We've had our 15 month old Golden mix for over a year now. He's usually crated at night, and he's been sleeping well. He usually wakes up before us but doesn't make a peep till he sees us stirring - he's awesome that way.

We noticed that he tries to stretch while in the crate. As the crate is only 36 inches long and he's around 25 inches long he was not able to stretch to his heart's content. We bought a larger crate a few days ago and donated the old one to a shelter. Now at night though, he seems a little restless. Every night since he's been in the new crate, he gently barks at around 2am and wakes us up. Once we let him onto our bed, he curls up and sleeps peacefully.

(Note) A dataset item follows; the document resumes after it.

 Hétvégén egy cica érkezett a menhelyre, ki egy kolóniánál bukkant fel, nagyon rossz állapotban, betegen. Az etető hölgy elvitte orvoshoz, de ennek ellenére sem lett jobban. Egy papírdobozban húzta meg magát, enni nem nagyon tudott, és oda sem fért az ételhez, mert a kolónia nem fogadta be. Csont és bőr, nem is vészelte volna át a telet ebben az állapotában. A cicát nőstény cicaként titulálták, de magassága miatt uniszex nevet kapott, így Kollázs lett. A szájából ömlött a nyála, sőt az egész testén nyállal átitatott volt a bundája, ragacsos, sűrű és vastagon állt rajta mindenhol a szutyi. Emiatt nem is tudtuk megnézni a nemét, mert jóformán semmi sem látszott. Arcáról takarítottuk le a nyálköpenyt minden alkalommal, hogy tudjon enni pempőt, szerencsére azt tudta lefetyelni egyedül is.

Is it possible that the new crate is new big for him, that he liked the cosiness of the old one better? Or could this be a case of him 'breaking in' the new crate? We're trying to not encourage him to sleep on our bed as this could be a painful habit going forward.

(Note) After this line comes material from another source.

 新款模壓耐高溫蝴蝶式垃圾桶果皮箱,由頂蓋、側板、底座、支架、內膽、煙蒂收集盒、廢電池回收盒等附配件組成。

Either way - are there any suggestions to help him (and us!) sleep at night?

2 Answers 2


First, stop letting him into your bed if your long term goal isn't to have him sleep there every night. He will quickly learn that barking or fussing = getting to sleep in bed with you.

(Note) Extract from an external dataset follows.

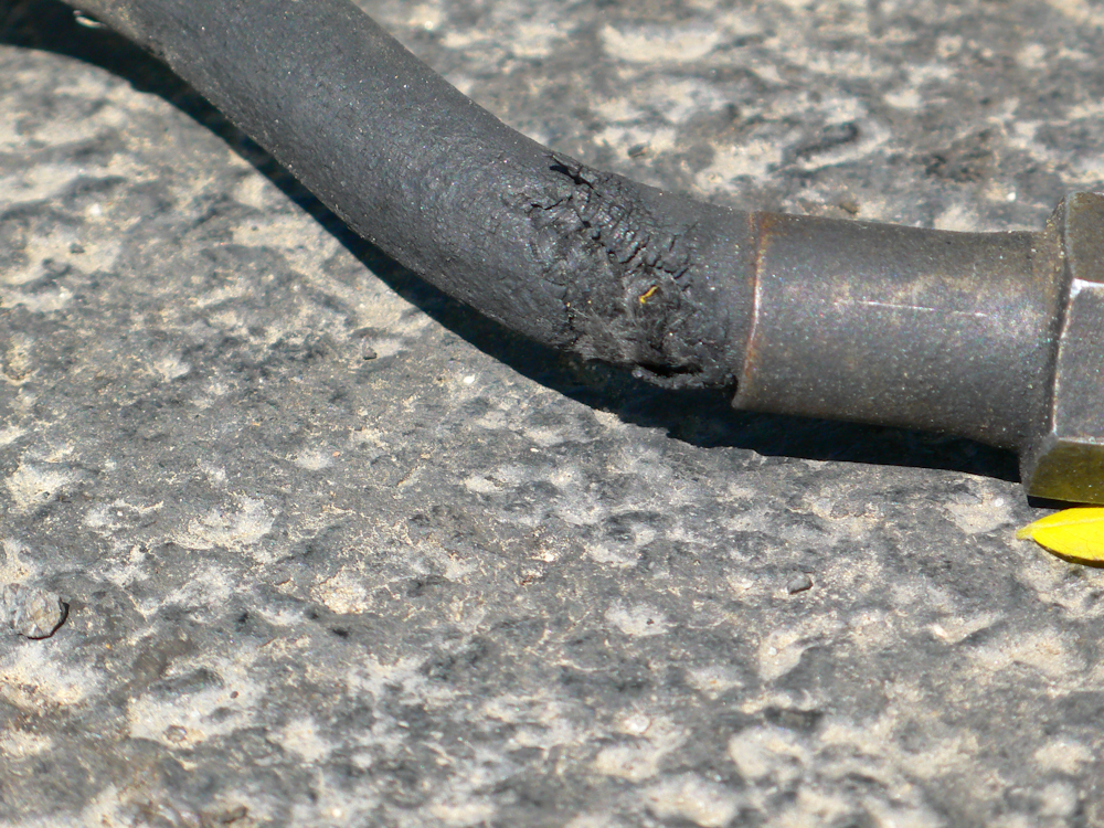 The old flex line with the ad hoc repair. What I could not see while it was installed was that the other end of the hose was violated as well.

Ideally you could have had a few days to transition from the old crate to the new, but that ship has sailed since the old crate is gone. All you can do now is make him comfy in his new home. It's likely not the size, but that it's new and not yet his. You should treat this like you're starting over with crate training. Put his favorite toys in the new crate, feed all his meals in there, leave surprise treats in the crate for him to find when he goes in there on his own. Offer praise and rewards when he goes into the crate voluntarily. Make sure the crate is accessible to him at all times, even if you don't crate him during the day you can leave the crate door open.

Your pup will get used to his new home, but it will take a little while. The most important thing is that you don't reward him for fussing or barking at night. Once you go to bed, that's it until the morning, don't let him out or reward him with attention. Some people find this very difficult, but as long as your pup is safe and has something to occupy himself with (a Kong or other toy) he will be fine until the morning. Before you know it he will love his new crate as much as the old one.

  • 2
    Thanks Liz! We started crate-training him again like we did when he was tiny and now he sleeps like a log:)
    – user60155
    Nov 16, 2016 at 18:59

I assume by a "crate" you mean a cage. Keeping a large dog, like a golden retriever, cooped up in a cage for hours on end is not going to result in a psychologically stable animal and you are likely to see all kinds of neurotic behaviors result, not just whimpering at night.

  • 2
    We crate our dog only at night. The crate is left open during the day and he's free to roam in and out of it (and the house) as he pleases. He tends to go to the crate by himself when he wants to take a nap. I'm not sure where you got to the conclusion of a psychologically unstable animal though. He's been sleeping well after we followed @LizMGagne's advice.